* Exercise prompt
Starting at the line that holds "We demonstrate the" and stopping at the line that holds "Диск алмазный, сплошной", restate the records below word for word, with both of those lines included.

* Material for this task
◇ ◇ ◇

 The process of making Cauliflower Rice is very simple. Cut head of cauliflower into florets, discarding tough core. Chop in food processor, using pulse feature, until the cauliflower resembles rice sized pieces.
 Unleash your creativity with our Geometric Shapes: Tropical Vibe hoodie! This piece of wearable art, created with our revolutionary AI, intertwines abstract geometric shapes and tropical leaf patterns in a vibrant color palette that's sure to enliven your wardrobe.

◇ ◇ ◇

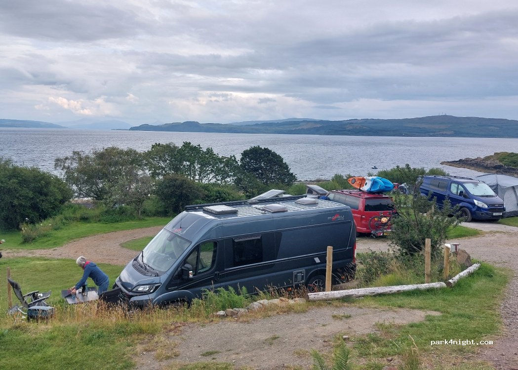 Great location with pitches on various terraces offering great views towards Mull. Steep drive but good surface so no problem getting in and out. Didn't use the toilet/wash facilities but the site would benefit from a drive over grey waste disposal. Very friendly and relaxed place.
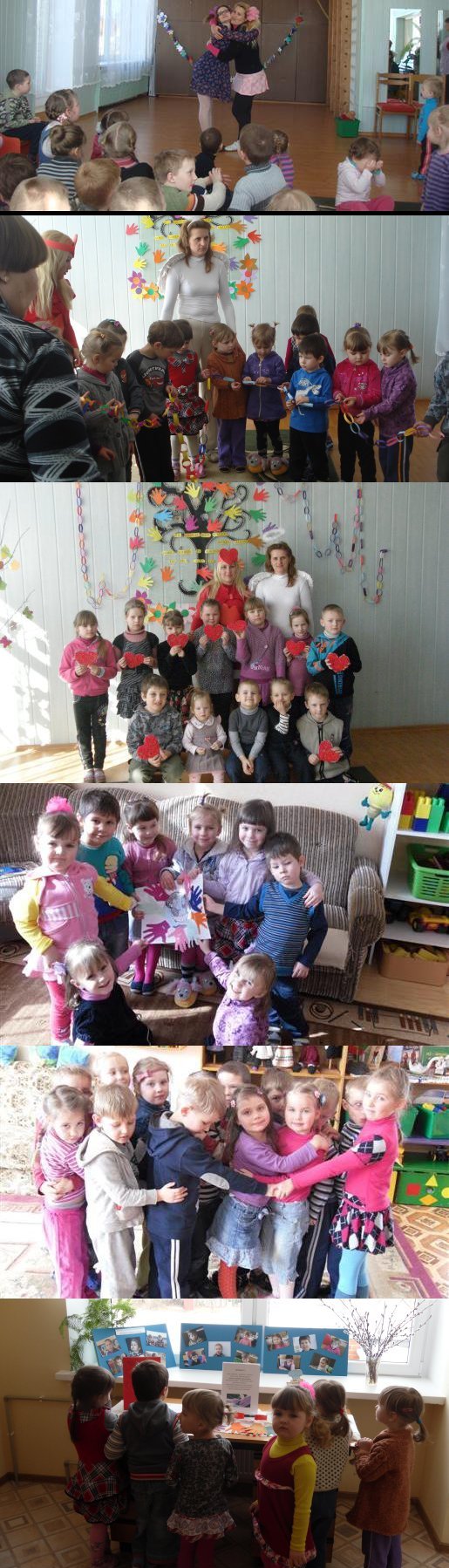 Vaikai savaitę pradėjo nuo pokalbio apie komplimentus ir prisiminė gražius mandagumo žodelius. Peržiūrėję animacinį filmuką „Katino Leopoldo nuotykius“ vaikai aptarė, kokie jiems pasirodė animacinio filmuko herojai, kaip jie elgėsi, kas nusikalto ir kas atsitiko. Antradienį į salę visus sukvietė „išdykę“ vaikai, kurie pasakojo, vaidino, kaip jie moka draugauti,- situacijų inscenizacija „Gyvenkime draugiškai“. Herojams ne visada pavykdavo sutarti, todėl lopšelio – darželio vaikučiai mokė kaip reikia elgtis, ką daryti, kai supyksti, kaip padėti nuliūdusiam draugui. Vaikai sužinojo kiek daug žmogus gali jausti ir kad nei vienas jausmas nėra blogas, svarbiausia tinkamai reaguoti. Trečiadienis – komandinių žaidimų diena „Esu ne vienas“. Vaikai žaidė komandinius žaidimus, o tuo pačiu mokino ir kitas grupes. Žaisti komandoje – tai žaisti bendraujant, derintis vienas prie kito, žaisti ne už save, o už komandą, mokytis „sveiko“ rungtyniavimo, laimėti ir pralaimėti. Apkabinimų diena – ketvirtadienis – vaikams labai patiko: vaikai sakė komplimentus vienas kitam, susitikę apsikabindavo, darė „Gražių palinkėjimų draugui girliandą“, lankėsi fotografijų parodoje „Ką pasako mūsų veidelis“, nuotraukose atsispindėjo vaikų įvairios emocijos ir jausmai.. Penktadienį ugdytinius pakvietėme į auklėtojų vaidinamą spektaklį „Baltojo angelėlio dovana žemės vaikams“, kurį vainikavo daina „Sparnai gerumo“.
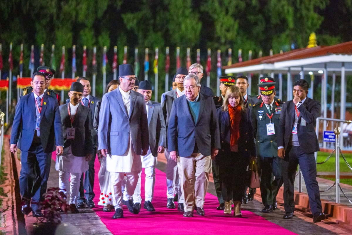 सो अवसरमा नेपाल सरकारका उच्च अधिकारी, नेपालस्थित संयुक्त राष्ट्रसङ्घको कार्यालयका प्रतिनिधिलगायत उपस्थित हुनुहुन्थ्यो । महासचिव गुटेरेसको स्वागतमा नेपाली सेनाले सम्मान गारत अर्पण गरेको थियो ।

◇ ◇ ◇

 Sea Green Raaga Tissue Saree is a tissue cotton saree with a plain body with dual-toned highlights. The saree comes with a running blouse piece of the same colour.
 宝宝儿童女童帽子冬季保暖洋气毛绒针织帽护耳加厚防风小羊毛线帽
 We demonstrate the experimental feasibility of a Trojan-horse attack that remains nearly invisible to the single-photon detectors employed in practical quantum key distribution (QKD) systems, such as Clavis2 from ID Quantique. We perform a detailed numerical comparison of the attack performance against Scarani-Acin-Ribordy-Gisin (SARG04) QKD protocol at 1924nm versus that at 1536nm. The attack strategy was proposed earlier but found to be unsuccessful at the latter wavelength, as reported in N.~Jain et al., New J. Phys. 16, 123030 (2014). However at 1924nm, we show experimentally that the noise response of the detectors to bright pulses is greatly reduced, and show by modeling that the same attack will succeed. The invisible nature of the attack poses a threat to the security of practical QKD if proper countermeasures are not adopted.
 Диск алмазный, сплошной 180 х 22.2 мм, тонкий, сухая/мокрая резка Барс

◇ ◇ ◇

* Response for this exercise
 We demonstrate the experimental feasibility of a Trojan-horse attack that remains nearly invisible to the single-photon detectors employed in practical quantum key distribution (QKD) systems, such as Clavis2 from ID Quantique. We perform a detailed numerical comparison of the attack performance against Scarani-Acin-Ribordy-Gisin (SARG04) QKD protocol at 1924nm versus that at 1536nm. The attack strategy was proposed earlier but found to be unsuccessful at the latter wavelength, as reported in N.~Jain et al., New J. Phys. 16, 123030 (2014). However at 1924nm, we show experimentally that the noise response of the detectors to bright pulses is greatly reduced, and show by modeling that the same attack will succeed. The invisible nature of the attack poses a threat to the security of practical QKD if proper countermeasures are not adopted.
 Диск алмазный, сплошной 180 х 22.2 мм, тонкий, сухая/мокрая резка Барс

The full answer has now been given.